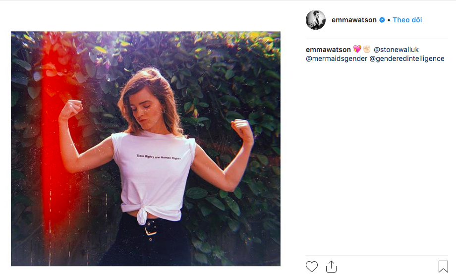 Vừa hôm trước, tấm ảnh mới nhất trên Instagram của Emma đã trở thành tâm điểm chú ý của nhiêu người. Trong ảnh, cô nàng tự tin khoe bắp tay của mình theo một phong cách “rất Emma” và khoác lên người chiếc áo mang dòng chữ “Trans Rights are Human Rights” (Quyền của người chuyển giới cũng là nhân quyền). Chưa dừng lại ở đó, cô còn nhấm mạnh thông điệp của mình bằng cách nhắc đến các tổ chức đang hoạt động về quyền của cộng đồng người chuyển giới bên dưới tấm ảnh bao gồm: Tổ chức từ thiên Stone Wall, Tổ chức từ thiện Mermaids Gender, Tổ chức phi lợi nhuân All About Trans và Gender Intelligence.
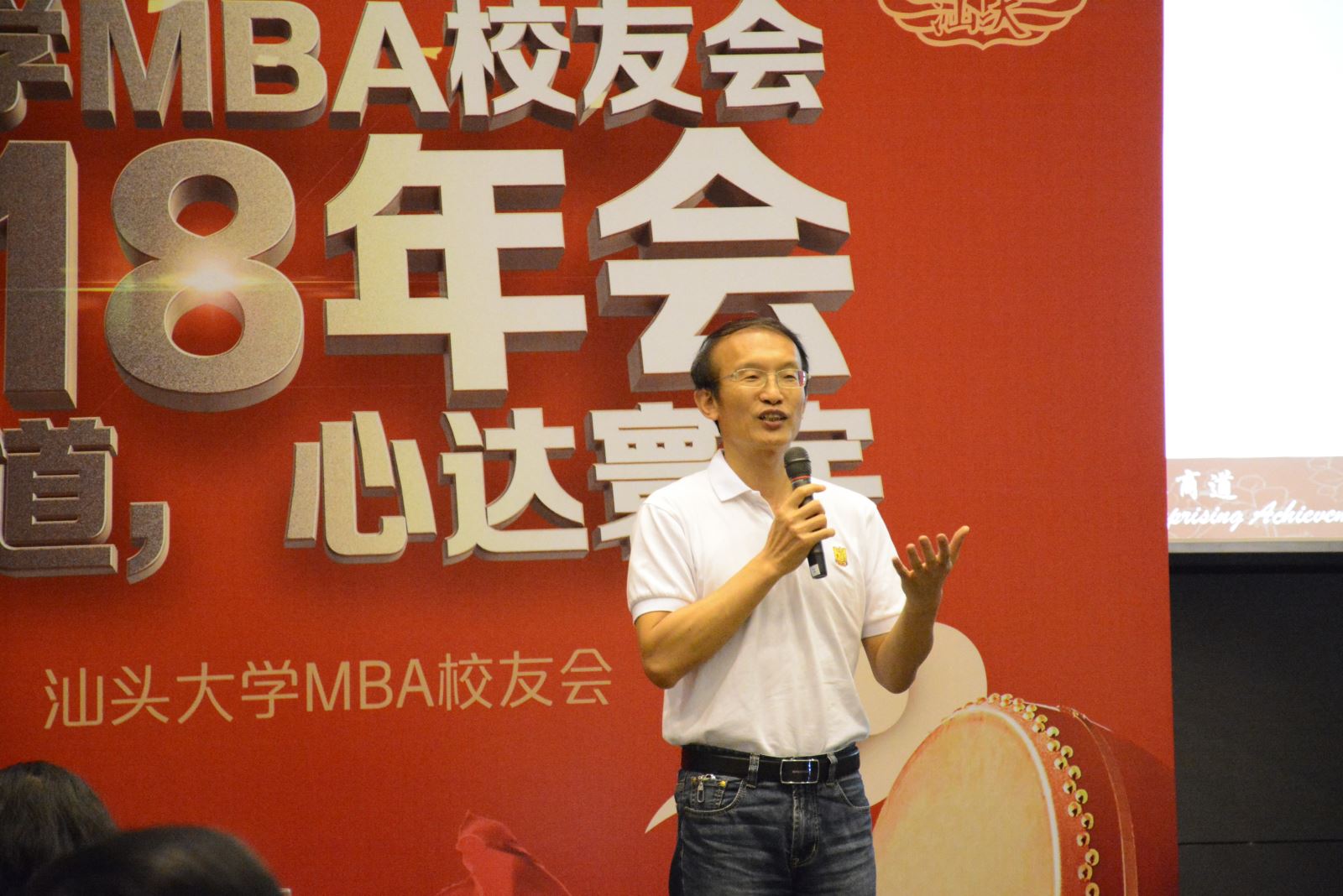 随后,MBA校友代表和学员代表分别作了分享。2010级MBA校友陈纬源现任汕头市盛熙投资管理有限公司总经理,分享了他对财务模式视角下的上市公司商业分析。2017级MBA学员纪培鸿分享读MBA的感受,汕大MBA为他提供了完善的知识结构和思维体系,让他学会了感恩和分享,“一路走来,收获良多”。
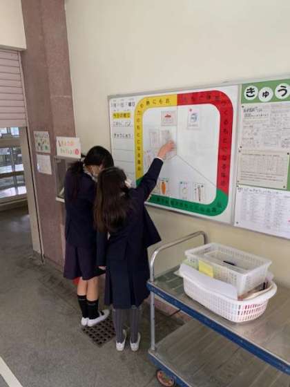 寒い、給食室前でも食育につながるカードを毎日張り替えてくれています。
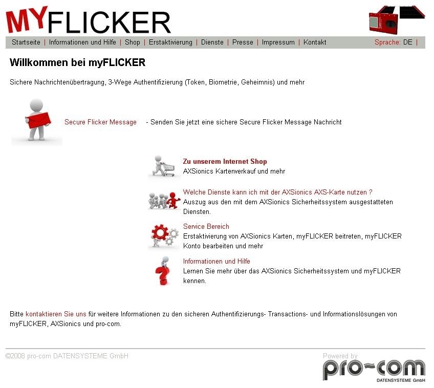 Pro-com übernimmt den Vertrieb der gesamten AXSionics-Produktpalette in Deutschland. Im Zuge dessen bietet das Unternehmen über ein Internetportal Service-Leistungen rund um die AXSionics-Sicherheitsplattform und die AXS-Karte, einen biometrischen Internetpass, an. Auf dem Onlineportal können Anwender neben der Erstaktivierung der Karte, auch gratis verschlüsselte Nachrichten über einen Secure-Messaging-Dienst an andere Nutzer übertragen.
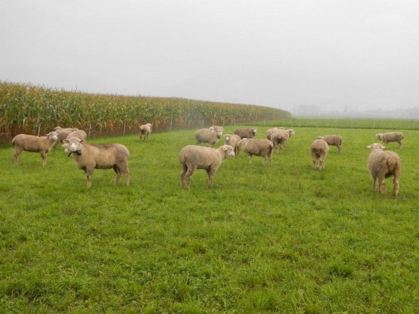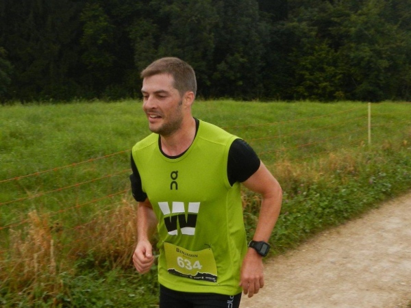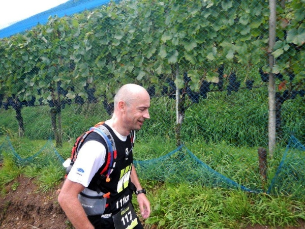 Die angebotene Massage auf dem Kulminationspunkt muss ich nicht in Anspruch nehmen, ich bleibe auch lieber in Bewegung, denn es auf 1100 Metern Höhe ist es doch gleich kühler. Zumal es – falls ich es noch nicht erwähnt haben sollte – regnet und regnet. Im Abstieg gibt es einen steilen Schlammpfad zwischen zwei mit Elektrozäunen gesicherten Weiden. Meine Überlebenstrainings auf ähnlichen Trailstrecken zahlen sich aus. Mir kann man auf diesem Weg keine Geständnisse entlocken.
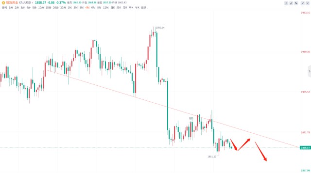 日内黄金策略分享:黄金上方1865/1870分批空,止损1876,目标下看1860-58先改保本止损,回撤1853-50再做减仓,剩余持单下看60日线1840附近测试
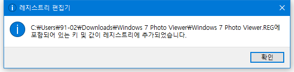 위의 파일을 다운로드 한 후 파일을 압축해제 한 다음에 레지스트리 파일을 클릭합니다. 그러면 아래와 같은 창이 뜨면서 레지스트리 값이 추가된 것을 확인할 수 있습니다.

■ EXERCISE OBJECTIVE
Every line from the one containing "Die angebotene Massage" through the end of the listing is to be copied exactly; the pictures are not.

■ EXERCISE ANSWER
 Die angebotene Massage auf dem Kulminationspunkt muss ich nicht in Anspruch nehmen, ich bleibe auch lieber in Bewegung, denn es auf 1100 Metern Höhe ist es doch gleich kühler. Zumal es – falls ich es noch nicht erwähnt haben sollte – regnet und regnet. Im Abstieg gibt es einen steilen Schlammpfad zwischen zwei mit Elektrozäunen gesicherten Weiden. Meine Überlebenstrainings auf ähnlichen Trailstrecken zahlen sich aus. Mir kann man auf diesem Weg keine Geständnisse entlocken.
 日内黄金策略分享:黄金上方1865/1870分批空,止损1876,目标下看1860-58先改保本止损,回撤1853-50再做减仓,剩余持单下看60日线1840附近测试
 위의 파일을 다운로드 한 후 파일을 압축해제 한 다음에 레지스트리 파일을 클릭합니다. 그러면 아래와 같은 창이 뜨면서 레지스트리 값이 추가된 것을 확인할 수 있습니다.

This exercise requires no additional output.